— Task prompt —
Taking the entries below, transcribe only the lines starting with the one with "Lush Green Forest" and going on through the one with "Upgrade your outdoor", exactly as written, without the pictures.

— Extracted information —
----------------------------------------

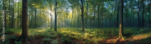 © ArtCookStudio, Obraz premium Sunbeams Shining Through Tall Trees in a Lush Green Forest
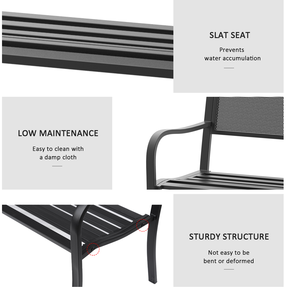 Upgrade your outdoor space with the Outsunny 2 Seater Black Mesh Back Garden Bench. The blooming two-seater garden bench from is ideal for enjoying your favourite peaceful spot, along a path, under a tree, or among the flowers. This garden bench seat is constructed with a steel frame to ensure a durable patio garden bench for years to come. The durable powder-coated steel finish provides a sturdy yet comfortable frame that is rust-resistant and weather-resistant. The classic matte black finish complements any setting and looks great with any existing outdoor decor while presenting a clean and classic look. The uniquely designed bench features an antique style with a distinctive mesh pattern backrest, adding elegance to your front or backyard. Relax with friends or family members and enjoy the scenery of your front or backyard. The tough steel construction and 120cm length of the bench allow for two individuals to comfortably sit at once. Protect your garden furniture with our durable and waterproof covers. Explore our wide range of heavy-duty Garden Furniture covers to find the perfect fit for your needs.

----------------------------------------

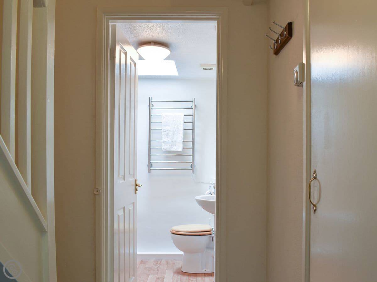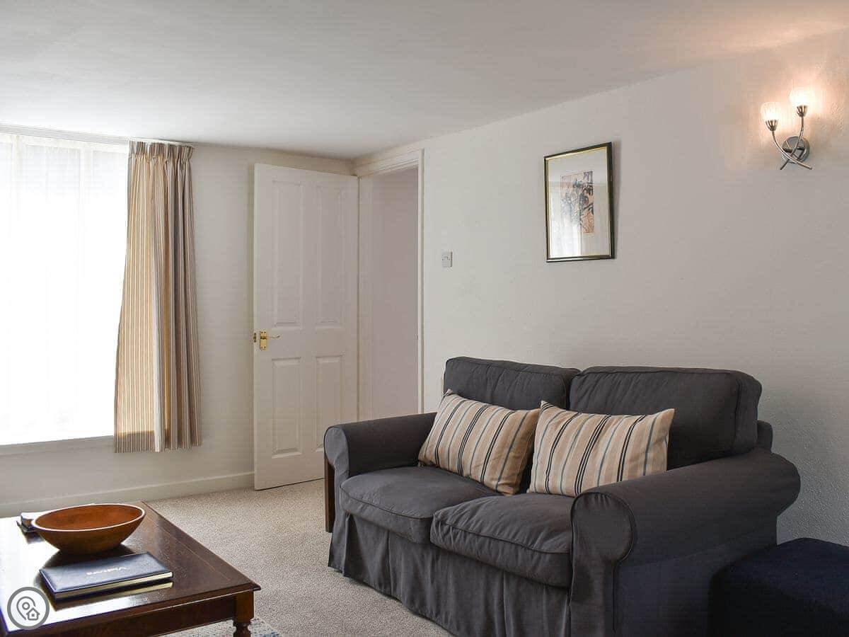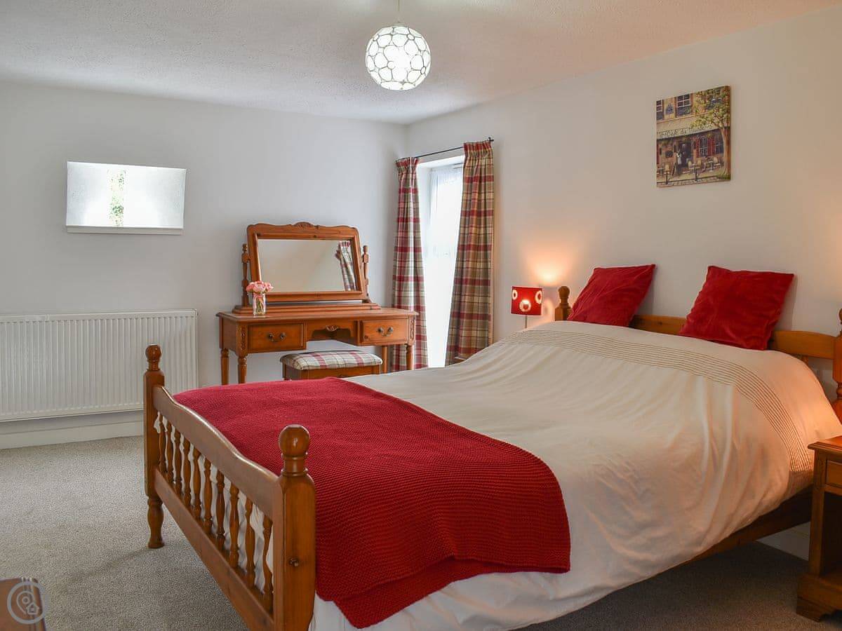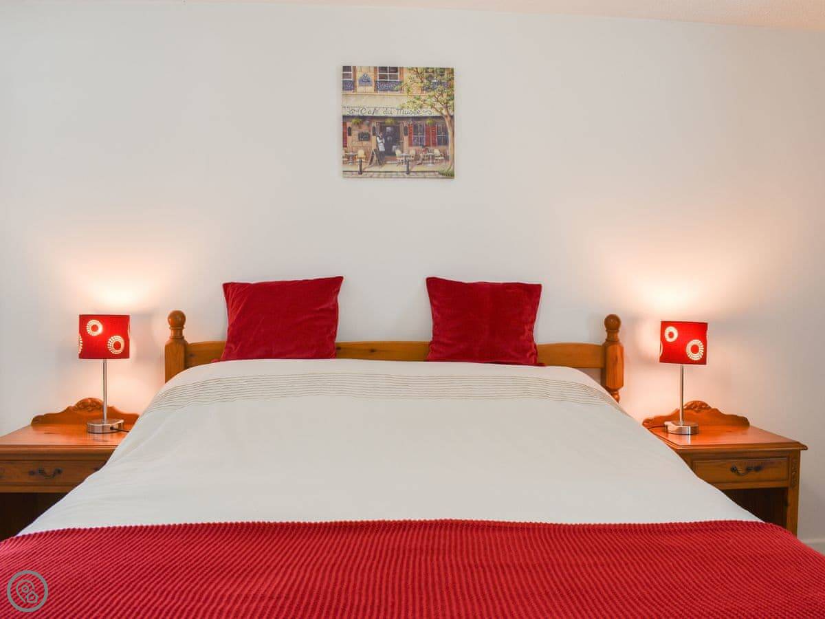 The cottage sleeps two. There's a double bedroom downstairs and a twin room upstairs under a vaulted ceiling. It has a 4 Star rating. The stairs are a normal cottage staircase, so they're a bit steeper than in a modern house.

----------------------------------------

— Reply —
 © ArtCookStudio, Obraz premium Sunbeams Shining Through Tall Trees in a Lush Green Forest
 Upgrade your outdoor space with the Outsunny 2 Seater Black Mesh Back Garden Bench. The blooming two-seater garden bench from is ideal for enjoying your favourite peaceful spot, along a path, under a tree, or among the flowers. This garden bench seat is constructed with a steel frame to ensure a durable patio garden bench for years to come. The durable powder-coated steel finish provides a sturdy yet comfortable frame that is rust-resistant and weather-resistant. The classic matte black finish complements any setting and looks great with any existing outdoor decor while presenting a clean and classic look. The uniquely designed bench features an antique style with a distinctive mesh pattern backrest, adding elegance to your front or backyard. Relax with friends or family members and enjoy the scenery of your front or backyard. The tough steel construction and 120cm length of the bench allow for two individuals to comfortably sit at once. Protect your garden furniture with our durable and waterproof covers. Explore our wide range of heavy-duty Garden Furniture covers to find the perfect fit for your needs.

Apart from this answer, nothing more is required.